Why this architecture?

  • Summarization maintains conversational context without overwhelming the LLM
  • Query rewriting ensures search queries are precise and unambiguous, using context intelligently
  • Human-in-the-loop catches unclear queries before wasting any retrieval resources
  • Parallel execution via Send API spawns independent agent subgraphs for each sub-question simultaneously
  • Context compression keeps the agent's working memory lean across long retrieval loops, preventing redundant fetches
  • Fallback response ensures graceful degradation — the agent always returns something useful even when the budget runs out
  • Answer collection & aggregation extracts clean final answers from tool-calling conversations and merges them into a single coherent response

Step 10: Build the LangGraph Graphs

Assemble the complete workflow graph with conversation memory and multi-agent architecture.
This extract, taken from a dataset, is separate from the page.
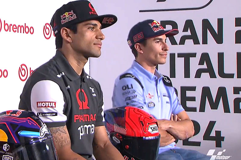 Malgré l’orientation récemment apportée par La Gazetta dello Sport au sujet du coéquipier de Francesco Bagnaia dans l’équipe officielle Ducati en 2025 , il n’y a toujours rien d’officiel de la part de Ducati, mais Jorge Martin et Marc Marquez ont évidemment été interrogé sur le sujet lors de la conférence de presse en prélude au Grand Prix d’Italie MotoGP au Mugello.

from langgraph.graph import START, END, StateGraph
from langgraph.prebuilt import ToolNode
from langgraph.checkpoint.memory import InMemorySaver

checkpointer = InMemorySaver()

agent_builder = StateGraph(AgentState)
agent_builder.add_node(orchestrator)
agent_builder.add_node("tools", ToolNode([search_child_chunks, retrieve_parent_chunks]))
agent_builder.add_node(compress_context)
agent_builder.add_node(fallback_response)
agent_builder.add_node(should_compress_context)
agent_builder.add_node(collect_answer)

agent_builder.add_edge(START, "orchestrator")
agent_builder.add_conditional_edges("orchestrator", route_after_orchestrator_call, {"tools": "tools", "fallback_response": "fallback_response", "collect_answer": "collect_answer"})
agent_builder.add_edge("tools", "should_compress_context")
agent_builder.add_edge("compress_context", "orchestrator")
agent_builder.add_edge("fallback_response", "collect_answer")
agent_builder.add_edge("collect_answer", END)
agent_subgraph = agent_builder.compile()

graph_builder = StateGraph(State)
graph_builder.add_node(summarize_history)
graph_builder.add_node(rewrite_query)
graph_builder.add_node(request_clarification)
graph_builder.add_node("agent", agent_subgraph)
graph_builder.add_node(aggregate_answers)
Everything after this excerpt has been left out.